Peruvian lawyer, businessman and politician

Paul Gabriel García Oviedo (born 2 October 1990) is a Peruvian lawyer, businessman and politician. He was a Congressman, representing Callao from 16 March 2020 to 26 July 2021.

== Early life and education ==
García was born on 2 October 1990. He completed his primary and secondary studies in the city of Lima and in 2012 studied technical marketing at the Zegel IPAE school. He began law studies at the Pontificia Universidad Católica del Perú, obtaining a bachelor's degree in law and the professional title of lawyer.

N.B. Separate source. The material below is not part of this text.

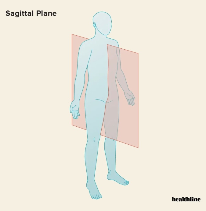 الاتجاه الذي يقسم الجسم إلى اليمين واليسار، والحركات فيه تكون إلى الأمام والخلف، فوق وتحت، مثل: المشي، السكوات، اللانج إلى الأمام أو الخلف وغيرها من التمارين المختلفة.

From 2014 he was a student leader at the Pontificia Universidad Católica del Perú, arriving at the Federated Center of Law and the University Assembly of the PUCP.

He later obtained a master's degree in Political Science and Public Management from Rey Juan Carlos University in Spain, and a master's degree in Strategic Business Administration from the National University of Callao, registered with the National Registry of Academic Degrees and Professional Titles of SUNEDU. He is currently pursuing a doctorate in Public Policy and State Management at the Centro de Altos Estudios Nacionales (CAEN). He is admitted to practice law with the Lima Bar Association (Ilustre Colegio de Abogados de Lima, CAL), registration No. 97956.

== Career ==
García is affiliated with the Popular Action party. He was also a candidate for the Callao provincial mayor's office during the 2018 municipal elections. He also served as National Executive Director of the Association of Municipalities of Peru (AMPE).

During the extraordinary elections of 2020, he was elected a congressman of the republic on behalf of the Constitutional Province of Callao. García was in favor of the removal of President Martín Vizcarra during the two processes that took place for it, the second of which ended up removing the former president from power. The congressman supported the motion, being one of the 105 parliamentarians who voted in favor of the removal of President Martín Vizcarra.

He is the founding managing partner ("socio director") of the law firm García Oviedo Abogados y Consultores.

== Controversies ==
In October 2023, a party held in his honor, attended by his partner, congresswoman Rosselli Amuruz, ended in a shooting and one fatality.